Sevgili mavi gözlü dev,
Önceleri, ta sizin zamanınızda, Google yoktu. Ben mutluluğun resmini Google'a sordum, bana bir sürü sonuç çıkardı. Önce Türkçe aradım, Orhan Gencebay'ın fotosu dahil, birbirinden değişik resmi önüme serdi. Sonra Fransızca aradım, Fransızların romantik olduğundan sanırım, çiftleri ön plana alan sonuçlar silsilesine ulaştım. İngilizce aratınca da, el ele tutuşmuş insanların (aile olsa gerek) çayılarda koştuğuna rastladım. Yani kısaca Nazım üstad, mutluluğun farklı dillerde bir sürü resmi mevcut.
Abidin Dino yerine Google'a sorsaydın sen de cevabını alırdın.
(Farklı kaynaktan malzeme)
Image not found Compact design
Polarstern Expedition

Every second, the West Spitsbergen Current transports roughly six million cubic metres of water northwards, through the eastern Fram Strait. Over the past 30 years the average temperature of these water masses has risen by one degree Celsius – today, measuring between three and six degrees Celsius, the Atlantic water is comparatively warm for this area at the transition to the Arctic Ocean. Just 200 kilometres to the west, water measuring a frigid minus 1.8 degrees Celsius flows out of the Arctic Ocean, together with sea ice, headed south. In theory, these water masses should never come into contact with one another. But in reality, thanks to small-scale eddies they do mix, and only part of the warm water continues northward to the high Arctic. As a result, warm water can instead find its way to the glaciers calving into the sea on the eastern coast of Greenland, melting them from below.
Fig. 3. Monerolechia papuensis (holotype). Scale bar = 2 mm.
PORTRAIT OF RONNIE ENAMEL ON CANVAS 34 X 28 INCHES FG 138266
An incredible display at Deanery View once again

Senin zamanında aşklar nasıldı romantik şair? Masum muydunuz hepiniz? İnsanlar inandıklarına ve güvendiklerine sıkı sıkı sarılıyor muydu? Televizyon olmadığından vaktinizi okuyarak mı geçiriyordunuz? Her okuduğunuzla hayallere dalıp, aşklarınızı arıyor muydunuz? Alman romantizmi mi, Fransız romantizmi mi seni en çok etkilemişti? Biliyorum, okumuştun Goethe'yi, Hugo'yu, Schiller'i. Nazım üstad, şimdi bu adamları bilen pek kalmadı, bu sıralar bizde Ahmet Altan çok tutuluyor. Ne yazık ki, sen Ahmet Altan'ı okuyamadın, onun bir de babası var; ikisi de ikinci cumhuriyet falan diyorlar. Çok şey kaçırdın mavi gözlü dev, Ahmet Altan'ın seks fantezilerine romantizm diyen bir toplumdan uzaktasın şimdi. Gerçi sen hep ayrı kaldın vatanından, hâlâ da kabul etmedi seni bizim halkımız. UNESCO falan halt yemiş, en iyisini biz biliriz!
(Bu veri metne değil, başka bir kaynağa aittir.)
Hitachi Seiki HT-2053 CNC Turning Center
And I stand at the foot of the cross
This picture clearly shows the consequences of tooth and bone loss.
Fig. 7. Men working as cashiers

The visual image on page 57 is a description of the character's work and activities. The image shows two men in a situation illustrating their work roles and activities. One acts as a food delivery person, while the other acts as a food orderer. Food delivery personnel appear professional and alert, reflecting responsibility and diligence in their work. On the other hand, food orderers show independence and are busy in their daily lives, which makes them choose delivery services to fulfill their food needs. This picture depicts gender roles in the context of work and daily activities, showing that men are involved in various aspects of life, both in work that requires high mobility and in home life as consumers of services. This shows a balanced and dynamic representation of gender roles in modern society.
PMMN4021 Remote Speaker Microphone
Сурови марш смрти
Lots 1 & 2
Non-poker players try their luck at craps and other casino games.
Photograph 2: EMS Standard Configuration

Konuyu dağıttım, kusura bakmayasın Nazım Baba. Ben senin birçok eserini okudum üstad, lise çağımda senin gibi şiir yazmaya çalıştım, arada yine yazarım. Üniversiteye gelince anladım ki, senin seviyene ulaşmak için daha çok acı çekmem gerek. Acılar mı yoğurdu seni böyle? Yoksa doğuştan mı romantiktin? Eğer doğuştan gelen bir yetenekse bu, ben şiir yazmayı bırakayım; yok acılarla hisli şiirler yazacaksam merak etme, ben de uzaktayım birçok aşka ve özlem ile yalnızlık kalem arkadaşım. Nazım üstad, bu çağın yüzeyselliği beni kahrediyor, romantik bir kişiliğe sahibim deyince, herkesin aklına güneşin batışıyla sevdiği kızın öpen erkek tipi geliyor. Hani mutlu sonla biten filmlerde var ya böyleleri, gerçi sen nereden bileceksin; o çağda sinema pek yaygın değildi. Piraye'ye Mektuplar adlı kitabını oğlun çıkardı, ne güzel mektuplar yazmışsın. Böylesine bir aşkı Romeo ve Juliet yavanlığında tanımadığım için mesudum, bırak gizli kalsın aşkınız. Canını sıkma, iki ciltlik o kitabı okuyan pek yoktur senin vatanında.

Gurbet adamı, senin Ayrılış Hikayesi şiirine bayılırım ben, okuduğum her sefer yüz üstü kalmış bütün duygularım kulaklarımda çınlar. Hayalperest benliğimin cevap bulamamış bütün ızdırapları aklıma gelir, yazdığım birkaç şiirin kağıttaki izleri kalbime işler. Her hissin ruhta farklı sarsıntılar oluşturduğuna inandığım gibi, her şiirin kağıtta farklı izler bıraktığına inanırım ben. Senin de aklına böyle şeyler gelir miydi?

Mavi gözlü Nazım, bir çocuğum olursa ileride, adını Nazım koyacağım. Ciddiyim, sorun değil okulda öğretmeninin onu solculukla suçlayacak olması. Bana da ismim Güney'den dolayı takmıştı bir edebiyat öğretmeni. Acaba benim çocuğumun yaşayacağı dönemde, böyle geri kafalılar hâlâ olacak mı?

Yazacak ve soracak bir sürü şeyim var ama hepsini bir kalemde tüketmek istemiyorum. Tüketime toplumuna hayır diyerek, seni bir şiirimle baş başa bırakayım.

özleme yenik düştü
ruhun
koparamadın kalbine yayılan korkuyu
"gri sahilin en kırmızısıydın"
demiştin bana
hatırlamak istemiyorsun
geçmişin umutlu anılarını
bilir misin oysa yeşil bakışlım
aşkların en olgunu özlemler sonrasındaydı.